Isto não é novo para nós da Rede Mater Dei de Saúde.  Ao longo das últimas décadas, graças ao nosso espírito inovador, respeito às partes interessadas e compromisso com o fazer bem feito, temos nos preparado para os ajustes necessários e frequentes. E as pessoas que aqui trabalham e dedicam a sua vida pessoal e profissional, tem tido a capacidade de mobilização e a força realizadora para se posicionar e seguir servindo ao próximo com amor, carinho e determinação. 

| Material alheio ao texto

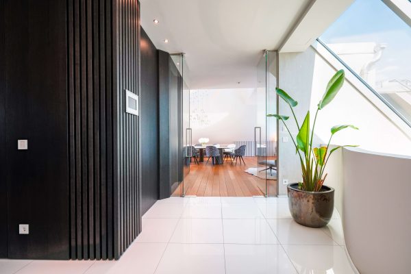 Das Penthouse “schreit nicht”, findet Dominik Reiter, Managing Director Sales bei CROWND Estates. Seine drei Highlights lauten “Blick”, “Terrasse auf Wohnebene” sowie “Bequemlichkeit (es ist vollmöbliert und sofort einzugsbereit)”. “Du fährst mit dem Auto in den ersten Bezirk, biegst in die Garage ein, fährst mit dem Lift hinauf und bist eigentlich in einem total ruhigen Refugium.” Stellt sich nur die Frage, warum der Besitzer überhaupt verkaufen will. “Der Eigentümer hat gesagt, er bleibt in dem Bundesland, in dem er wohnt. Dort hat er ein schönes Haus und somit wird das Penthouse nicht als Hauptwohnsitz gebraucht. ‘Besitz belastet auch’, sagt er selbst und das hängt ihm im Hinterkopf”, erklärt Reiter.

Perdemos a nossa querida Marisa. Ela não está mais entre nós em matéria, mas o seu espírito pioneiro, o seu carinho para conosco e para com os pacientes e a sua capacidade de sonhar junto e de transformar estes sonhos em ações nunca deixarão de existir. Muito obrigado por tudo Marisa.
Pelo seu exemplo, pela sua cumplicidade, por humanizar a nossa assistência, por nos ensinar novos caminhos para um exercício profissional com muita competência técnica, mas também com carinho, afeto e amor! Quanta falta você vai nos fazer! Vamos nos empenhar no que for necessário para respeitar e cuidar do seu legado!

Muito obrigado a todos vocês pelo comprometimento e pela dedicação para que pudéssemos chegar até aqui. Convido a todos para seguirmos juntos nesta maravilhosa viagem que é a vida. Certamente uma vida plena para aqueles que escolheram atender as necessidades do nosso próximo. Desejo a todos um feliz natal e um ano novo com muita paz, saúde e felicidades junto aos seus familiares.

Um forte e fraterno abraço em cada um de vocês."